Currently, in the pharmaceutical industry, triphenylphosphine rhodium chloride (RhCl (PPh) is mainly used as an avermectin in a hydrocarbon-soluble Wilkinson catalyst3)3) The hydrogenation under the action of (3) to prepare ivermectin generally has the problems that the catalyst in the product is difficult to separate and the heavy metal residue in the product exceeds the standard, and in order to obtain the ivermectin meeting the USP/EP standard, scientists often need to carry out complex post-treatment.
Currently, the purification technology of ivermectin mainly adopts a column chromatography method (such as US4429042), although the product purity is high, the solvent consumption is large, the time consumption is long, the production cost is increased, and the industrial production is not facilitated.
Chinese patent CN101362786B uses active carbon (the dosage is 15-18 wt% of avermectin mass) to replace thiourea removal catalyst, reduces two environment pollution raw materials of toluene and thiourea in the traditional process, but only has detection data of related substances, and does not mention the data of heavy metal residual quantity; furthermore, the use of 15 to 18 wt.% of activated carbon also means that the product loss is not negligible.
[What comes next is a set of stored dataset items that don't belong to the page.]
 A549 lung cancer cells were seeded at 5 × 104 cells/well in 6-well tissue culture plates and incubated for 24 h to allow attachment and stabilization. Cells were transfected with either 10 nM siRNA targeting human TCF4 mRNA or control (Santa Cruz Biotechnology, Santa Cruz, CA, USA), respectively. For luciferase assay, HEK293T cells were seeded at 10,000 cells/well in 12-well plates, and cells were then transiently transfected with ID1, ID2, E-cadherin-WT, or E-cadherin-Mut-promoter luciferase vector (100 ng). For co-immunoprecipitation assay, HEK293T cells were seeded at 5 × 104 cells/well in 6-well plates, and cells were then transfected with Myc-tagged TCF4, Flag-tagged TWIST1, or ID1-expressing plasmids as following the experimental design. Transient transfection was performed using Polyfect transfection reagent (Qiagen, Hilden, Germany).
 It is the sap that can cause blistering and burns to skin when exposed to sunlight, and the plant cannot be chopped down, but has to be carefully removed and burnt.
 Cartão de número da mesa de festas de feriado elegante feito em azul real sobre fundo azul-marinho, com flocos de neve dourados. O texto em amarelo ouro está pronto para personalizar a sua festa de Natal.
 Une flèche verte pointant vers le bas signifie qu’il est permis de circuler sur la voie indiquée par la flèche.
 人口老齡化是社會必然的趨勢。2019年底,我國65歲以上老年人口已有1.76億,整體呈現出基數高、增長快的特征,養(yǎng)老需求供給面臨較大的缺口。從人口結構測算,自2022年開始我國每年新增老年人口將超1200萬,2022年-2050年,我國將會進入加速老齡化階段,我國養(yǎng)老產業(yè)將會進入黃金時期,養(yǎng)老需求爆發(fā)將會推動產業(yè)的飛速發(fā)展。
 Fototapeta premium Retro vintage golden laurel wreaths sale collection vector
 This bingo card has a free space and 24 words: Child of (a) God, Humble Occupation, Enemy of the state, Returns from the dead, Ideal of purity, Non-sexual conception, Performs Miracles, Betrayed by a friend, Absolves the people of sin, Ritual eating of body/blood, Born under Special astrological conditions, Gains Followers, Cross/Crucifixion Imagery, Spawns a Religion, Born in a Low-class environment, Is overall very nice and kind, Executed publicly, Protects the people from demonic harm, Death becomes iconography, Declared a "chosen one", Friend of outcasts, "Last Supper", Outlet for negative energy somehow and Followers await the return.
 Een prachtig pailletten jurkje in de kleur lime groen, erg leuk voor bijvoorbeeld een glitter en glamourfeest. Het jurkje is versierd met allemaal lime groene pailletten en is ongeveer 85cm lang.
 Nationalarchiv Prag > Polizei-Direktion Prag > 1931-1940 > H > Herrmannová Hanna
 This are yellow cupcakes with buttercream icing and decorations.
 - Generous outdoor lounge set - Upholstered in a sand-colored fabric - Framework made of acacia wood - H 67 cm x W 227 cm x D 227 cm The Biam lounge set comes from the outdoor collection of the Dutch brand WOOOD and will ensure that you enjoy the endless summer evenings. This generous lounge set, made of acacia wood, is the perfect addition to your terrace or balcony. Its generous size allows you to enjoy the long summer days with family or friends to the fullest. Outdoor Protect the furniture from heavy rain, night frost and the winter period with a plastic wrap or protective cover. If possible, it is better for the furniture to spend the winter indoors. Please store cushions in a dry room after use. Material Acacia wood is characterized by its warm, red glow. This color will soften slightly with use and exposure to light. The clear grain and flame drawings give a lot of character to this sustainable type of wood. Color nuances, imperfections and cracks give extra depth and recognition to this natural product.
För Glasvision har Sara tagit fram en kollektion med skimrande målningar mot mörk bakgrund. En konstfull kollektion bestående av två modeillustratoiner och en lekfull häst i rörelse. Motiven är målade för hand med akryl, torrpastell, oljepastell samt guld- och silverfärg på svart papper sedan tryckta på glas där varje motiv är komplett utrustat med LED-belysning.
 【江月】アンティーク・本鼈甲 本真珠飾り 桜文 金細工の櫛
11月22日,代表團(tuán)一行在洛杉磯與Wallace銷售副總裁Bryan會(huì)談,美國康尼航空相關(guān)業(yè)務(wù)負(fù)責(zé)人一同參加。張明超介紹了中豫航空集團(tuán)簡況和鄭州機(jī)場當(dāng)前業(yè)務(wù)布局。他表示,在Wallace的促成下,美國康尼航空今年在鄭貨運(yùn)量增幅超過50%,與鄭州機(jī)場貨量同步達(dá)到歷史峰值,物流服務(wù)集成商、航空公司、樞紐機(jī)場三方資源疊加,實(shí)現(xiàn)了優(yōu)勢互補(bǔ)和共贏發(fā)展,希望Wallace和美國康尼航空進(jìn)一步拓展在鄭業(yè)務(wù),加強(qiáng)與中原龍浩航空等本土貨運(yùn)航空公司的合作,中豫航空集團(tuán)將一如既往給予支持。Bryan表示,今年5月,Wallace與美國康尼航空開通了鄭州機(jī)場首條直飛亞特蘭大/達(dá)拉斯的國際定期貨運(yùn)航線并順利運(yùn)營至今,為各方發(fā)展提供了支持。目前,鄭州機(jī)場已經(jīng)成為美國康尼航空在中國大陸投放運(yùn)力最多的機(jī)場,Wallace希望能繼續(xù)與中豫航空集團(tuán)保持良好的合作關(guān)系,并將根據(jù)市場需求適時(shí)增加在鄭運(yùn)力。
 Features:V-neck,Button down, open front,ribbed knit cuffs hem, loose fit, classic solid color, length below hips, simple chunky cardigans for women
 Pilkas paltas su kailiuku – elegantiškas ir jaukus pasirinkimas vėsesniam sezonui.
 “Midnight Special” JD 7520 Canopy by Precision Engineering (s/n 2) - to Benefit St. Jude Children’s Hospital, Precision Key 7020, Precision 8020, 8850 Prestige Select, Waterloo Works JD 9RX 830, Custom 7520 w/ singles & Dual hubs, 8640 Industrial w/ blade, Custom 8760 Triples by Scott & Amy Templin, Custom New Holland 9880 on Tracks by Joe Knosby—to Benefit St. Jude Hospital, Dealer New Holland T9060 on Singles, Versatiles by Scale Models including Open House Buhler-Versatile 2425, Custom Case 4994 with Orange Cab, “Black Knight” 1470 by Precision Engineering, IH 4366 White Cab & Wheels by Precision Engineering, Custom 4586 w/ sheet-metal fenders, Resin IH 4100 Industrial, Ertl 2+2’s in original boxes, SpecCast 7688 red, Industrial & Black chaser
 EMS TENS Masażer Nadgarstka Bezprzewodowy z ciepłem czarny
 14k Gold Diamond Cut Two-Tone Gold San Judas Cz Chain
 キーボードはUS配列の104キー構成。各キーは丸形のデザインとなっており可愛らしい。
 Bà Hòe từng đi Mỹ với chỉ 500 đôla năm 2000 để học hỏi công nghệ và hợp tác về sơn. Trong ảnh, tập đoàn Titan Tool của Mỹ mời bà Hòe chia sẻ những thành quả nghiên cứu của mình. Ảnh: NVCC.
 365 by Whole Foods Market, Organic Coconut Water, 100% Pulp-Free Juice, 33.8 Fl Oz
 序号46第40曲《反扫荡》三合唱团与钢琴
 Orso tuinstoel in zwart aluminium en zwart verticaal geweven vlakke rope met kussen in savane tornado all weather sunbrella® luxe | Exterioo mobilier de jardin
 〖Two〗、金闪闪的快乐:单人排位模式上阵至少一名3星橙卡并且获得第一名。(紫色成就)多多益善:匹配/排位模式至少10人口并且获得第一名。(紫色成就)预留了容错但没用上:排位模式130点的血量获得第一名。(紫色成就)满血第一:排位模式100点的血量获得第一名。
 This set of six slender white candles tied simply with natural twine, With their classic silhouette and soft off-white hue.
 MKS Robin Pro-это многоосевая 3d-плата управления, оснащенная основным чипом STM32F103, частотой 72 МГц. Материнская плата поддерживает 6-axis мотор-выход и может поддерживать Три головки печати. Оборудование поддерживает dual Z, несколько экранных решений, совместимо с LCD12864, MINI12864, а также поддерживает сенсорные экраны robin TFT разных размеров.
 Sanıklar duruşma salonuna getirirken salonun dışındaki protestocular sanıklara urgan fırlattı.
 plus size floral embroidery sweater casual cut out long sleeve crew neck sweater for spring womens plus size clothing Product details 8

The prior art also realizes simple separation of catalyst and product by two-phase reaction, and Chinese patents CN1651449A, CN101012258A and CN103387594B are all
Similar methods are disclosed, but problems exist, such as large amounts of rhodium compound or rhodium phosphorus complex catalyst, and no data are detected to prove that the catalyst is in an aqueous phase and the organic phase has no catalyst residue.
Disclosure of Invention
The invention discloses a method for reducing the content of heavy metal rhodium in ivermectin, which comprises the following steps:
dissolving the crude ivermectin in an organic solvent, adding silica gel, stirring uniformly, filtering, and concentrating the filtrate to obtain ivermectin solid.
Further, the organic solvent is selected from any one of ethyl acetate, 95% ethanol or dichloromethane, preferably ethyl acetate or 95% ethanol, and most preferably ethyl acetate.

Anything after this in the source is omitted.